**What the task requires:** Below this line are records; transcribe exactly the lines between the one holding "Urocze Damskie Kolczyki" and the one holding "中新网北京7月20日电 7月", inclusive, and omit the pictures.

Task input Start Marker

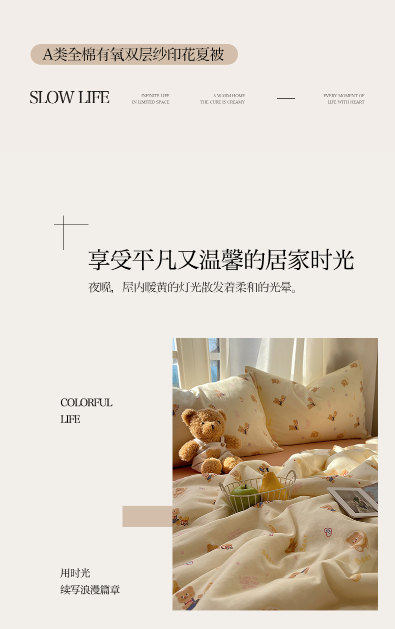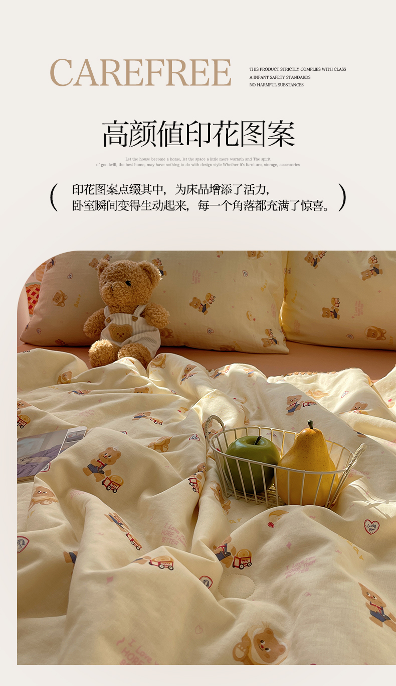 一加一 2025A类全棉有氧双层纱印花夏被 可比熊
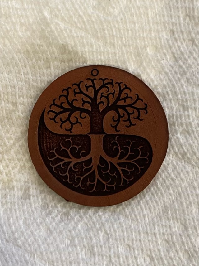 Photo description: Caryn’s Creations tree logo burned into tooling leather with a laser cutter
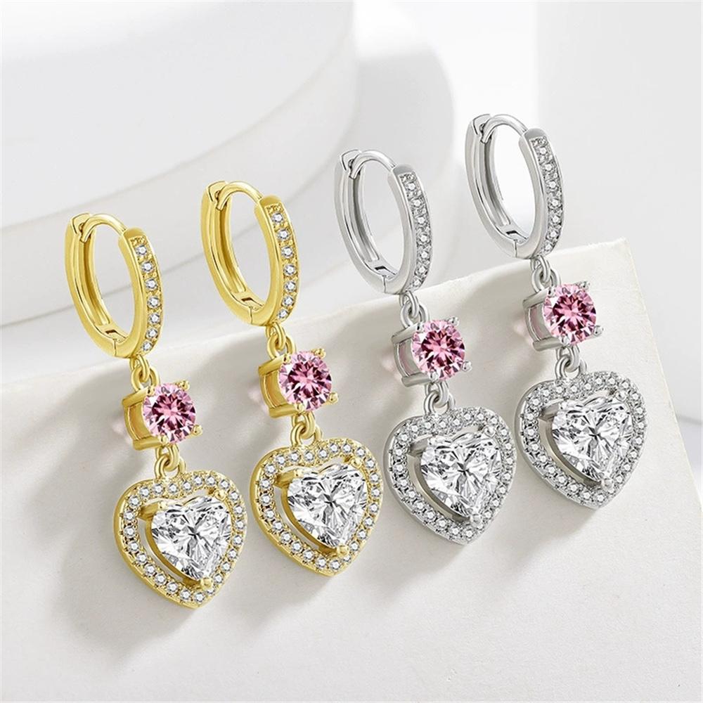 Urocze Damskie Kolczyki Koła z Białą Cyrkonią w Kształcie Serca Vintage Moda Kolor Złoty Ślubne Dla Kobiet
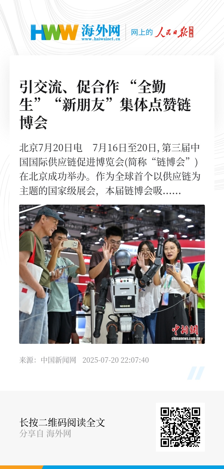 中新网北京7月20日电 7月16日至20日,第三届中国国际供应链促进博览会(简称“链博会”)在北京成功举办。
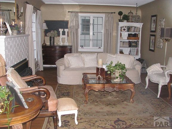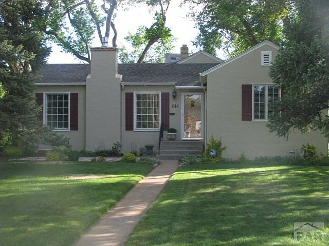 Well loved and taken care of home on one of the most desirable streets in Pueblo. As you drive down the wide street and pull up in front of 614 West Pitkin you will notice the large lot, lush lawn, front brick patio, impeccable stucco and shutters. The original 1940s front door welcomes you in to the bright, cheery living room with hardwood floors, cove ceiling and gas log fireplace. Dining room with hardwood floors and gorgeous chandelier. Off of the dining room, is the office/den/bedroom #3 with hardwood floors, closet and a door to the back yard. The kitchen has a large eating area, two charming half doors, double ovens, built in microwave, dishwasher, electric cooktop and hood and refrigerator. Master bedroom with hardwood floors and wonderful windows, bedroom #2 and adorable bathroom complete the main level. The carpeted recreation room downstairs is a cozy place to gather and watch movies, sit and relax or play games. Large laundry room has original steel sink, storage and a toilet. A very large storage room completes the basement level. The back yard has a covered patio, storage shed, detached 2 car garage, privacy fence and beautiful landscaping. The roof on this home is 3 years old, the heating system is hot water radiator heat which is very consistent and CLEAN. Swamp cooler and shade trees keep the entire home cool and comfortable during the warm summer days. Storm windows, security system, sprinkler system, never painted original door knobs and hardwood floors.
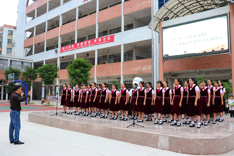 之后,由文华中学合唱队领唱《育美之歌》,操场上空响起了优美的文化旋律。在全场学生齐呼:“争做身体健美,心灵纯美,行为修美,求学笃美,与人和美,为事慧美的‘六美学子’!”的琅琅口号声中,本次集团日活动圆满结束。
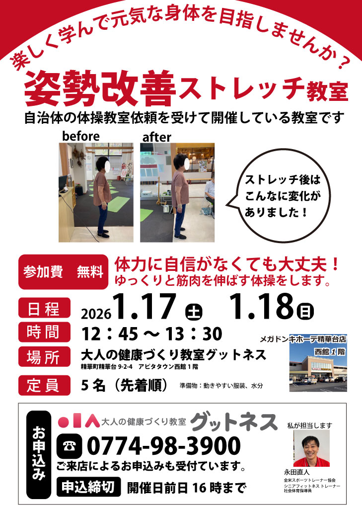 姿勢改善ストレッチ教室 2026.01.12 身体のバランスを整えて姿勢を改善します。 2026年1月17日(土)・2026年1月18日(日)12:45~13:30 参加費 無料 体力に自信がない方も大丈夫ゆっくりと身体を伸ばします。

Task input End Marker

**The completed task:**
 Urocze Damskie Kolczyki Koła z Białą Cyrkonią w Kształcie Serca Vintage Moda Kolor Złoty Ślubne Dla Kobiet
 中新网北京7月20日电 7月16日至20日,第三届中国国际供应链促进博览会(简称“链博会”)在北京成功举办。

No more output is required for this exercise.